Running Batch Jobs
Batch jobs are run by submitting a job script to the scheduler. The script contains the commands needed to set up your environment and run your application. Users typically create or edit job scripts using a text editor such as vi, emacs or nano.
To submit jobs on Peregrine, the Torque qsub command should be used:
% qsub <batch_file> -A <project-handle>
The job script may contain instructions for the job scheduler. These are preceeded with "#PBS". These may be used to specify resource limits such as wall clock time, number of nodes, etc. as well as what queue and what kind of nodes you want your job to run on. The same options may be provided as options to the qsub command. If so, command line options to qsub take precedence over similar options in the batch script.

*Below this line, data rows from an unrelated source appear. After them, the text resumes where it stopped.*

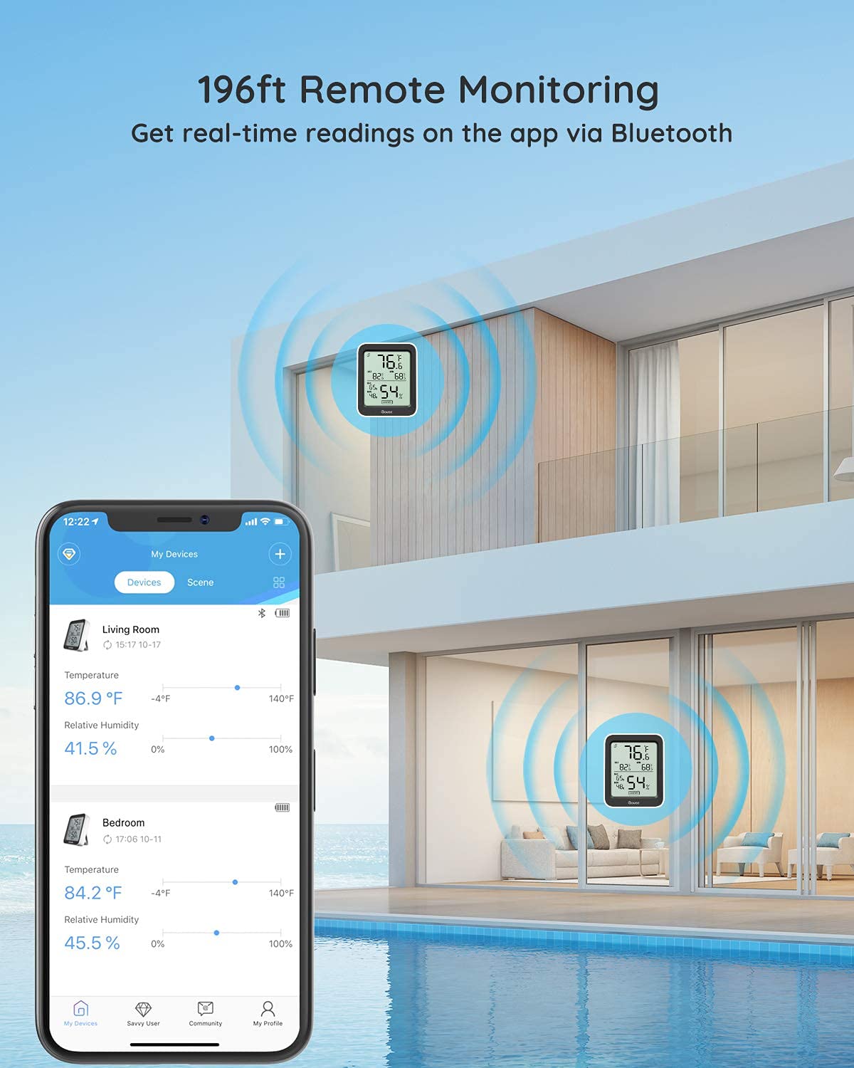 - Easy to Use: Simply download the Govee Home app, search for and select H5075, and pair the room thermometer hygrometer successfully within minutes. With a 196ft/60m Bluetooth range, you'll be notified of any temperature humidity changes immediately.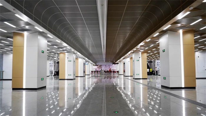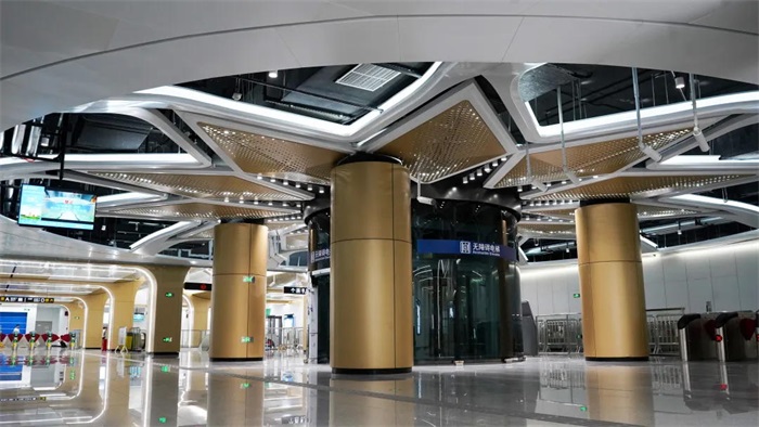 作為線路特色站,紅旗廠站設(shè)計主題為“科技驅(qū)動”,提取發(fā)動機的造型和星空元素,打造了兼具科技感、趣味性和浪漫色彩的建築空間。同樣作為特色車站的水流站,將夕陽西下的水流光影美學(xué)融入設(shè)計,提取靈動的曲線元素以及夕陽的漸變色彩進行融合排布,展現(xiàn)了現(xiàn)代建築與自然美學(xué)的完美結(jié)合。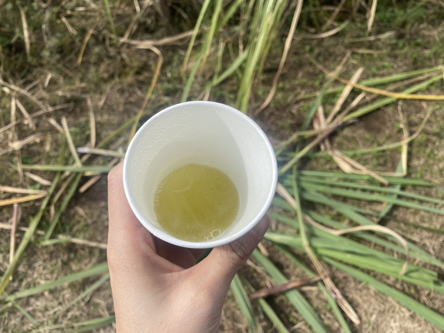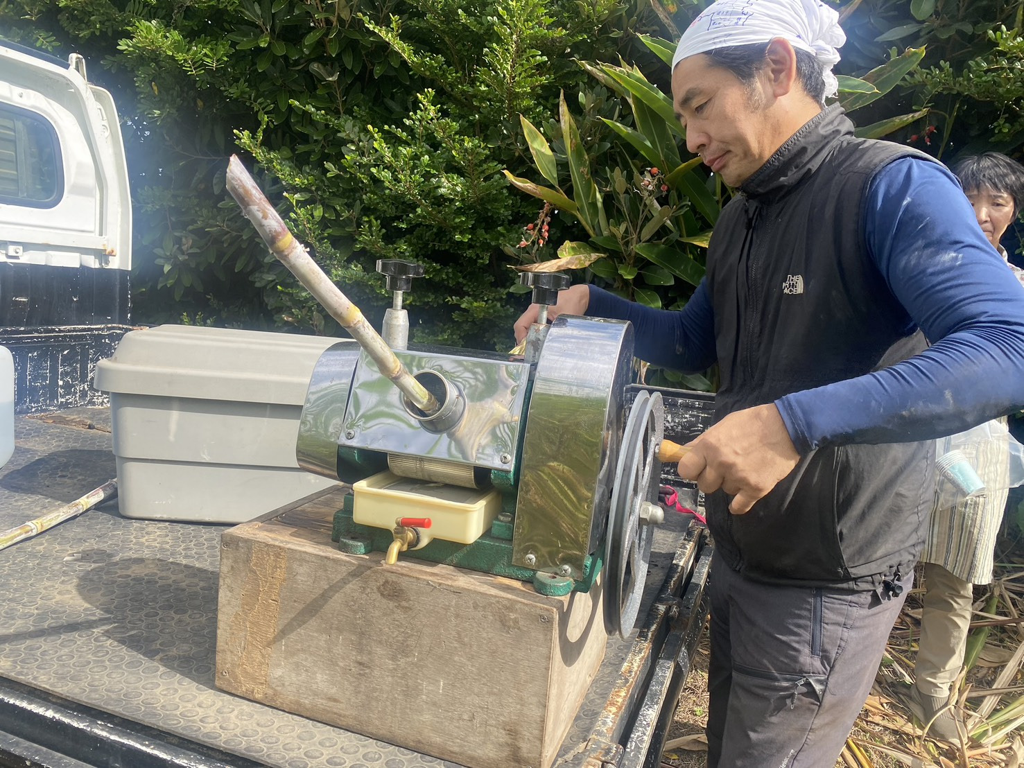実際にサトウキビを収穫し、その場で生のサトウキビジュースを絞って試飲させてもらいました。
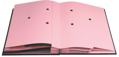 carton recouvert PVC, dos à soufflet extensible toilé,, porte-étiquette sur la face avant, compartiments en carte, rose 300 g/m2 avec 3 perforations de visualisation, encoches, renforcées à l'intérieur des pages, dim.: (L)240 x (H)320 mm, (24211E)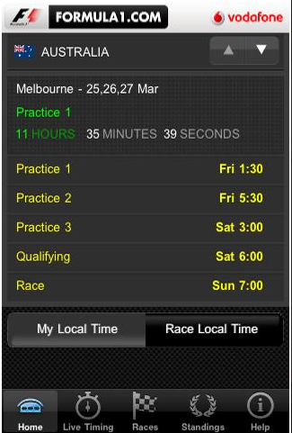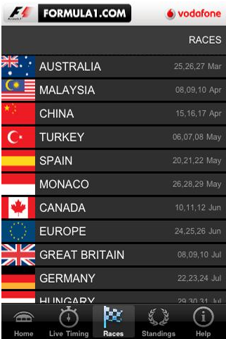 Formula1 2011 est une application gratuite dédiée à la formule 1. Le site de référence ici est formula1.com et l’application et le site ne sont pas disponibles en français.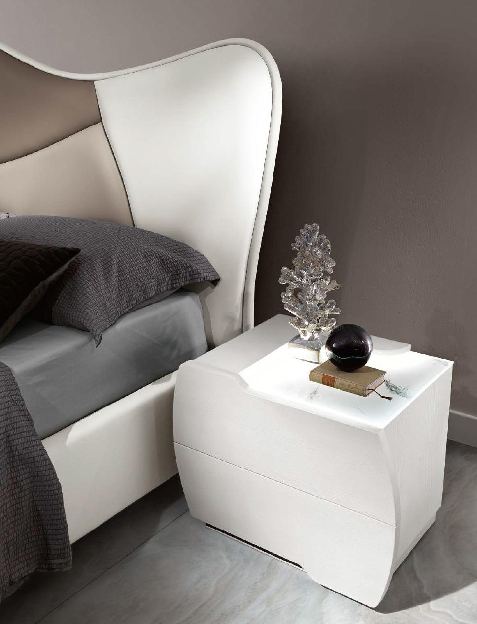 Bedroom Bed Bedside table Chest of drawers Mirror Suite White Modern Luxury Set 5pcs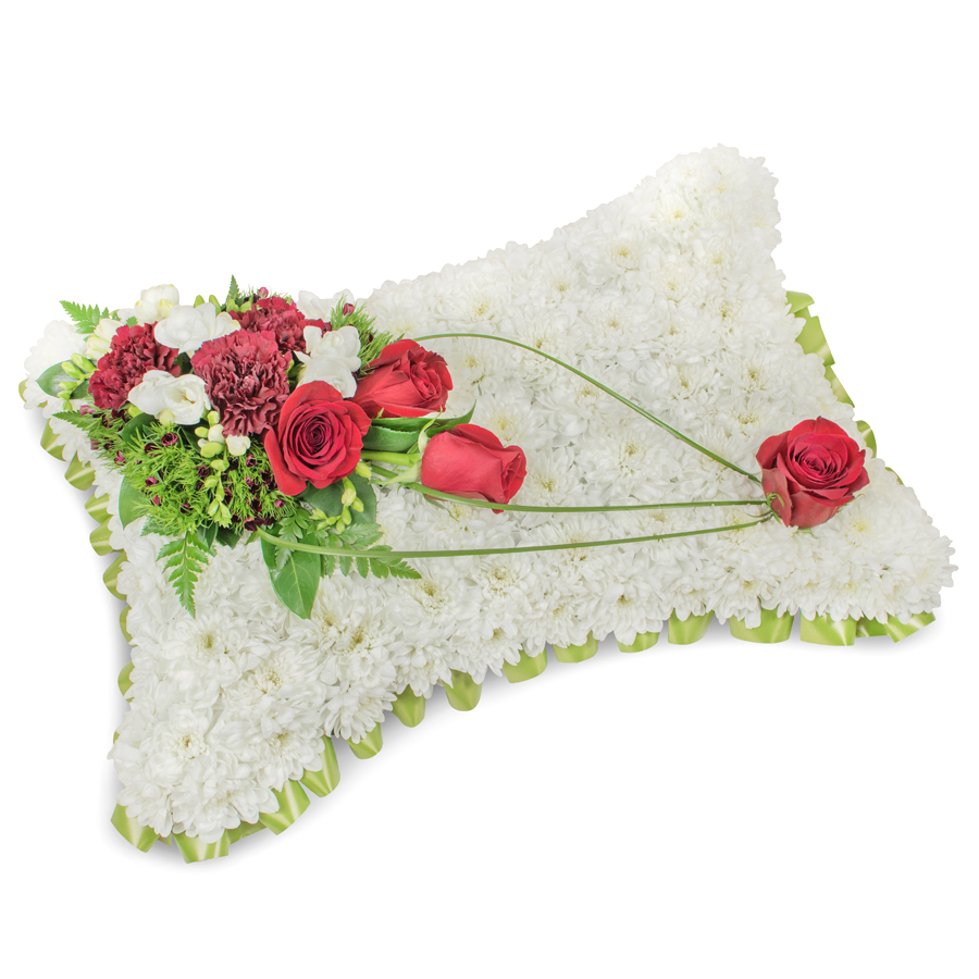 Send your heartfelt condolences with our timeless sympathy bouquet, featuring a classic combination of white chrysanthemums, red roses, white freesias, and dark red carnations. Accented with dianthus and bear grass, this arrangement offers enduring beauty and elegance.

All jobs must specify a project handle that is associated with a project allocation. This may be done with the -A option to qsub or as an option within the script. Jobs submitted without a project handle will be rejected. This prevents jobs with an incorrect spelling of the project handle from sitting in the queue indefinitely.
Frequently used options:
|option||what it does|
|-d execution directory||tells Torque where the job should execute|
|-I (capital i)||interactive job|
|-X||display X windows to my system (undocumented flag)|
|-l (lowercase L)||resource limits (see below for more information)|
|-V||export environment variables to batch job|
join stderr and stdout in one file
tells Torque what project allocation should be charged for the job's node-hour usage
submit job to a specific queue
A variety of environment variables are made available for use by your script.
- The environment variable $PBS_O_WORKDIR is set to the location the job was submitted from.
- $PBS_NODEFILE points to a file containing a list of nodes allocated to the job.
Resource limits, such as the number of nodes and the wall clock time, may be set with the -l option to qsub or #PBS -l in the job script.
-l nodes=n:ppn=X says the job needs n nodes and should place X processes on each node
-l walltime=DD:HH:MM:SS sets the wall clock limit for job
Peregrine has several types of compute nodes, which differ in the amount of memory and number of processor cores. The majority of the nodes have 24 Xeon cores and 32 GB of memory but some have 24 Xeon cores and 64 GB of memory, some have 16 Xeon cores with 32 GB of memory and others have 16 Xeon cores with 256 GB of memory.
Users may request nodes of a particular type using the "feature" option in the resource limit specification of the job. By default, jobs will use the first node type found that is consistent with the job request.
For 16 core nodes, use -lfeature=16core.
For 24 core nodes, use -lfeature=24core.
For large memory 24 core nodes, use -lfeature=64GB.
For very large memory 16 core nodes, use -lfeature=256GB.
If no feature is specified, the job will run on the first available node type.
If you request an inconsistent feature set (e.g., 16-core and 64GB), the job will not be scheduled and will remain queued indefinitely. If such a job is seen, an admin will attempt to contact the job owner to rectify the incompatibility and get the job running.
More information about different node types in Peregrine is available.
Applications should be run from the /scratch file system. Program executable files may reside in any file system but input and output files should be read from or written to the /scratch file system.
In order to meet the needs of different types of jobs, nodes on Peregrine are available through three different job queues.
- Nodes in the short queue are intended for jobs that run for up to 4 hours. A user may use up to 8 nodes from this queue at the same time.
- Nodes in the debug queue are intended for jobs that need fast turnaround for debugging problems. A user may use up to 4 nodes from this queue for up to 1 hour.
- 4 nodes associated with the debug queue have 256 GB of memory. If you request the debug queue and specify the 256GB feature, your job will land on these nodes. If you request the debug queue and don't specify the 256GB feature, your job may use those nodes if they are available.
- Interactive jobs may be run using nodes in any queue but the wait time should be shortest if they are submitted to the debug queue.
- If no queue is specified, the job will run in the default (batch) queue. Jobs in the default queue may run for up to 5 days.